I think he’s right because there’s nothing that makes me feel more free than when I play the guitar. I love playing any kind of instrument that is put in front of me, but what I feel when I pick up an acoustic or electric guitar cannot be explained in words. It’s something bigger than me. It’s as if it speaks to me. As if the instrument communicates with me, as if the song and its meaning settle in me and never want to leave me again.

From an early age, music was the only thing that could understand my emotions and convey them in words because I was never good at expressing my feelings. I was never good at explain myself in words and I learned to do that through music. Sometimes a melody can say a lot more than a thousand words. You just have to pay attention to the details.
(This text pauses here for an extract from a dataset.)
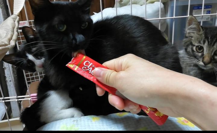 母猫は身体は触らせてくれなかったけど保護当日から手からちゅーるを食べました。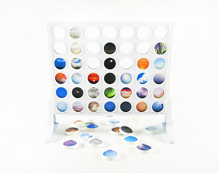 painted connect four with cut and pasted inkjet prints

My father's phone starts ringing and I stop the song so he can talk without background noise.

He accepts the call by connecting the phone to the radio so he can drive. I lean better against the back of my seat and decide to respond to the message Max wrote me last night. I met Max Radley when I was fifteen years old. We were sophomores in high school and both of us had seen the flyer hanging on the bulletin board in the secretary's office in which Tom Owens was looking for new members for his band. Tom was a junior and an idiot, but he had a band and both Max and I wanted to play, so we auditioned and joined the band.

Between Max and me there was nothing but competition for the role of lead guitarist at first.